Monday 24 June 2013


New new new. Actually it's not new at all. It's over twenty years old - you could even say it's nearly thirty years old. But it sounds great. It's really interesting and I am so happy to have stumbled across it because it is just a really cool sound: this is 'Shilela' by Hailu Mergia.

What? Who? Well, Hailu Mergia is an Ethiopian one-man-band who first released the record on which this song appears in 1985. It is only down to the good eyes and ears of Awesome Tapes From Africa, a record label which as far as I can make out started life as a blog (specialising, as you can guess, in music from Africa), that I heard this song last week. Now I find out that the Washington City Paper has written an article about the re-release of the album, as well as interviewing Hailu Mergia himself, who is now working as a cab driver in Washington - and I think: how amazing that a certifiably "dead" recording should be unearthed and resurrected in this way, written about in the press, listened to, liked and shared by a completely new generation.
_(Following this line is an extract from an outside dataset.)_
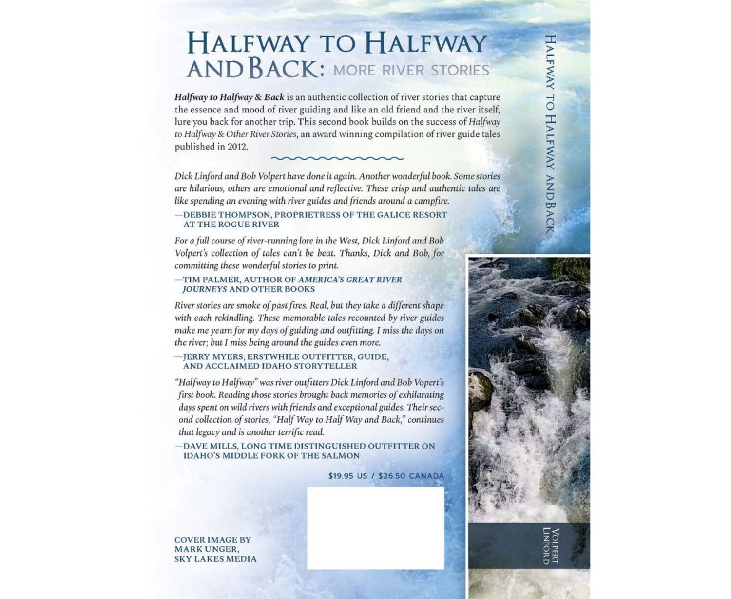 CloseHalfway to Halfway and Back is an anthology of stories compiling the humorous, sad and often ridiculous tales that capture the essence of river guiding. The authenticity of voices and experiences in this second collection from Dick Linford and Bob Volpert

BUT YES. The album is called Hailu Mergia & His Classical Instrument and is out 25th June. 'Shilela' of course is just one song from that collection of songs, but it gives a pretty good inkling into what you will find upon listening. Traditional Ethiopian music in the form of jazzy accordion stylings combined with synthesiser sensibilities.

The synth in this particular song is immense, bold without overpowering everything else, warm and soft-edged, like a set of winding waterfalls made of viscous cartoon-clouds instead of water. An electric piano jazzes out in the background, whilst the accordion - the integral part of this song and I believe the whole album - patters like drips of sunlight over the top, creating a virtuoso dot-to-dot of traditional Ethiopian music. Although it is generally unchanging throughout, I think that is the point: Shilela is also the name of a patriotic traditional song, and it is unchanging, almost as if the repetition plays a part in drawing you in to its melody.

In any case, I like it a lot. The fact that it sounds old gives it even more of a boost in my opinion: it's supposed to sound that way. It is wholly and wholesomely analogue, live and real - the accordion nearly sounds as though it is breathless throughout its performance. Lovely stuff.